A large-scale fMRI dataset for vision-language semantic association

Shurui Li, Zhenyu Jin, Shi Gu, Ru-Yuan Zhang, Yuanning Li

Published: 17 Apr 2026, Last Modified: 26 Apr 2026Scientific DataEveryoneCC BY-NC-ND 4.0

Abstract: Understanding the neural coding and association of visual and language information benefits from the development of deep learning models and the collection of massive datasets with extensive sampling of brain activity. Large-scale functional magnetic resonance imaging (fMRI) datasets with naturalistic stimuli provide more ecologically relevant experimental conditions and promote more reproducible research into the neural basis of sensory perception. Here, unlike most previous datasets restricted to isolated modalities, we present the Caption Scene Dataset (CSD), a large-scale fMRI dataset for vision-language semantic association, in which neural responses to 4,400 pairs of Chinese captions and naturalistic scenes were acquired from eight healthy participants.
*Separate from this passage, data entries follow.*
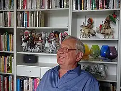 Mit seinen unbeweglichen dreidimensionalen Szenerien erzeugt er eine Dynamik und verbindet die Bildwelten von Comic, Kunst und Volkskunst.[3][4]
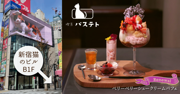 株式会社アズフードシステムズ(本社:東京都中央区、代表取締役:森田威)が運営する、新宿駅東口すぐの喫茶店「喫茶 パステト」は、シグネチャーメニューの『ベリー&ピスタチオのパフェ』を、『ベリーベリーシュークリームパフェ』へリニューアルします。輝く飴細工とエディブルフラワーで飾られた外見は華やかで、ベリーとジャスミンティーが織りなすオリエンタルな味わいを楽しめるパフェです。2023年9月15(金)より発売いたします。
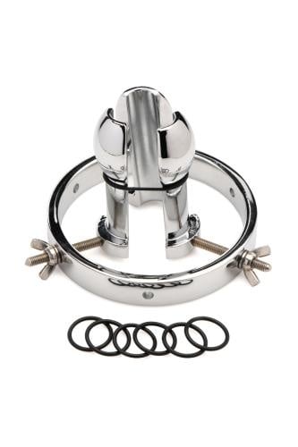 Gemaakt van sterk, duurzaam, nikkelvrij, en roestvrij staal is deze bijzondere anaal plug bruikbaar met alle soorten glijmiddelen. De plug bestaat uit één grote ring met een diameter die verstelbaar is van 4 tot maar liefst 10 centimeter waardoor hij ideaal is voor fisting. De taps toelopende punt is eenvoudig in te brengen. De plug komt met 6 siliconen O-ringen die zich om de plug heen wikkelen. Reinig de plug eenvoudig na gebruik met lauwwarm water en een toycleaner.
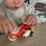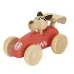 Duw deze soepele rode racewagen over de vloer en kijk hoe de houten wielen vrij ronddraaien. De gesneden hondencoureur met zijn kleine brilletje is klaar voor een avontuur rond de keukentafel of door de gang. Kleine handjes ontwikkelen coördinatie door te spelen en genieten tegelijkertijd van de robuuste, geschuurde houten constructie. Elk detail is met de hand afgewerkt met kindvriendelijke verf, waardoor het speelgoed talloze racesessies kan doorstaan. Een tijdloos speeltje dat een dierbaar aandenken wordt op de plank in de slaapkamer. Perfect cadeau voor beginnende racefanaten.
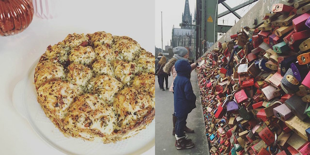 links Nach dem Rezept von Mara und der Ursprungsidee von Steph backe ich ein Käse-Kräuter-Brot. Das ist richtig lecker. Ich hätte nur die Teigkugeln etwas kleiner machen sollen. rechts Ausflug nach Köln. Erst bummeln wir zur Hohenzollern- aka Liebesschlösserbrücke….
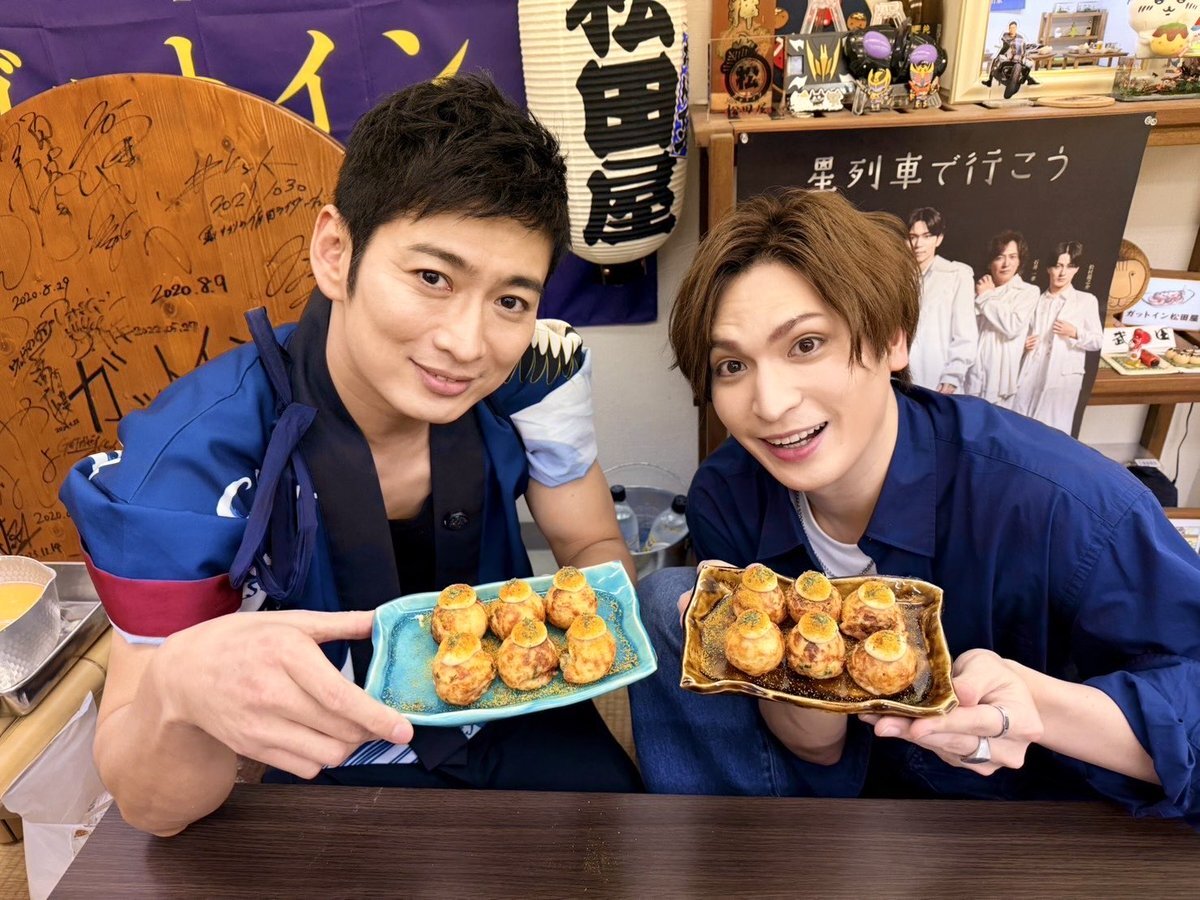 楽しみすぎます✨🧡💜🌟 貴重なマチネ後のお時間にゲストありがとうございます✨🐙🥹 #ガットインTV vol.123 キリ番✨いちにさん❣️回🌟 #松田悟志 さん✨たこ焼きトークバラエティ🐙 #小波津亜廉 さん✨初ゲスト回✨ #星列車で行こう 公演日アフタートーク❤️🔥 x.com/alleeeeeen_k/s…

The participants were instructed to determine whether the semantics in the caption and the image are consistent. To illustrate the utility of the CSD dataset, we demonstrated that deep neural encoding models effectively predicted neural responses to both caption and image stimuli across different cortical regions. This dataset provides a platform for the investigation of the neural basis of semantic association across vision and language, facilitating cross-disciplinary advances between vision neuroscience and artificial intelligence.